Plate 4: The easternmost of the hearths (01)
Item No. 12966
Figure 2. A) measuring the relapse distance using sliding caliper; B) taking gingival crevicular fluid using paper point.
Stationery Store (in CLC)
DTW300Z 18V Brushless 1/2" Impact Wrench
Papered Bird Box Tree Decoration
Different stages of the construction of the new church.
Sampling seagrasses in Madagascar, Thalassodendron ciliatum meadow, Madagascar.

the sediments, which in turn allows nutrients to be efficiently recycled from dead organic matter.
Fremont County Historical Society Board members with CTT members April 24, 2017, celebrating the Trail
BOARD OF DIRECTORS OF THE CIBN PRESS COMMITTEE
◇ ◇ ◇ ◇
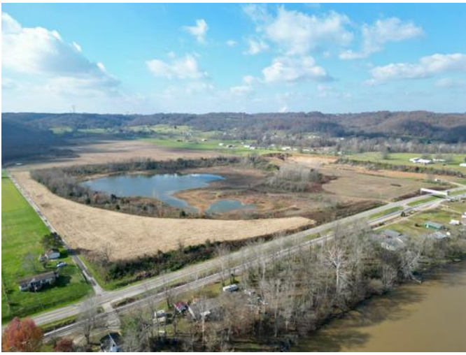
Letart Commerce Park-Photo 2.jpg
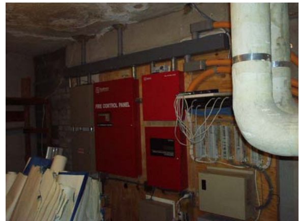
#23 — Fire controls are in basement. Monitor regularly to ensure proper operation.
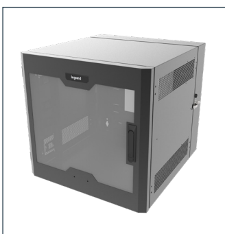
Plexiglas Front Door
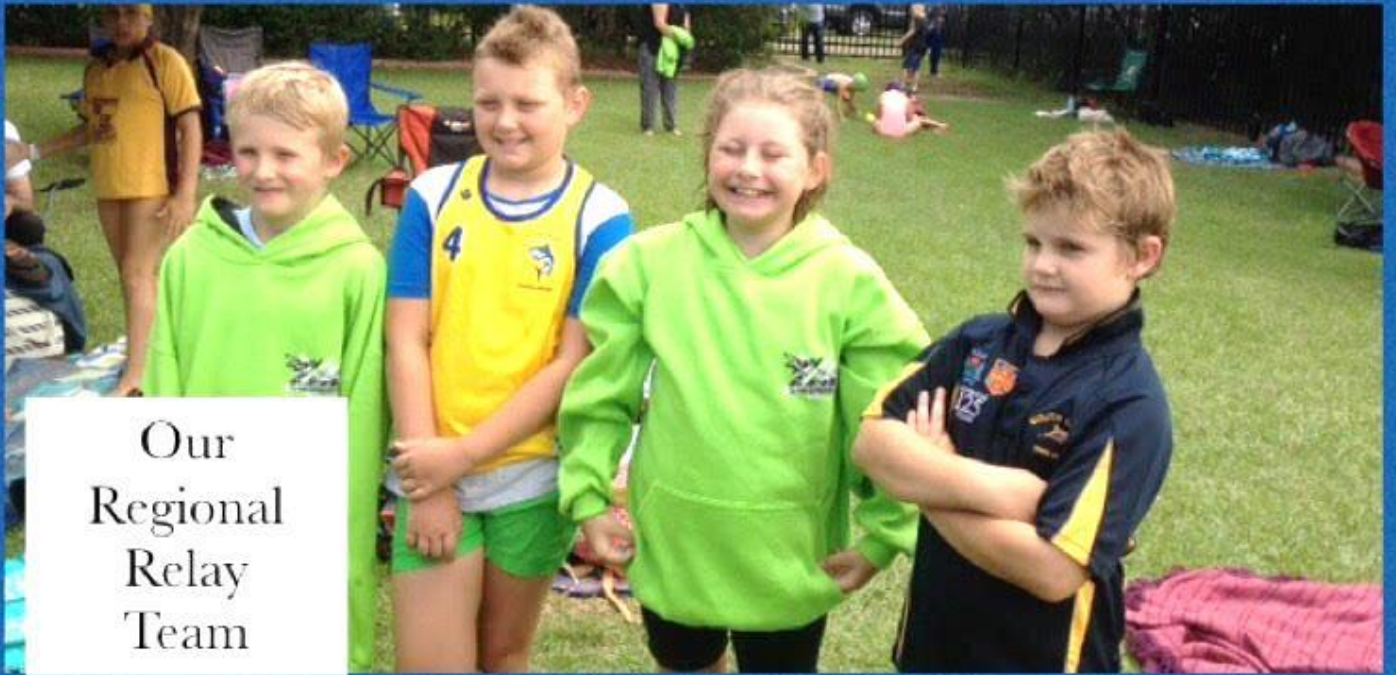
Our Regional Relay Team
◇ ◇ ◇ ◇
Among the records above, a stretch begins at the line containing "Stationery Store (in CLC)" and ends at the line containing "BOARD OF DIRECTORS". Restate that stretch word for word, and nothing else.

Stationery Store (in CLC)
DTW300Z 18V Brushless 1/2" Impact Wrench
Papered Bird Box Tree Decoration
Different stages of the construction of the new church.
Sampling seagrasses in Madagascar, Thalassodendron ciliatum meadow, Madagascar.

the sediments, which in turn allows nutrients to be efficiently recycled from dead organic matter.
Fremont County Historical Society Board members with CTT members April 24, 2017, celebrating the Trail
BOARD OF DIRECTORS OF THE CIBN PRESS COMMITTEE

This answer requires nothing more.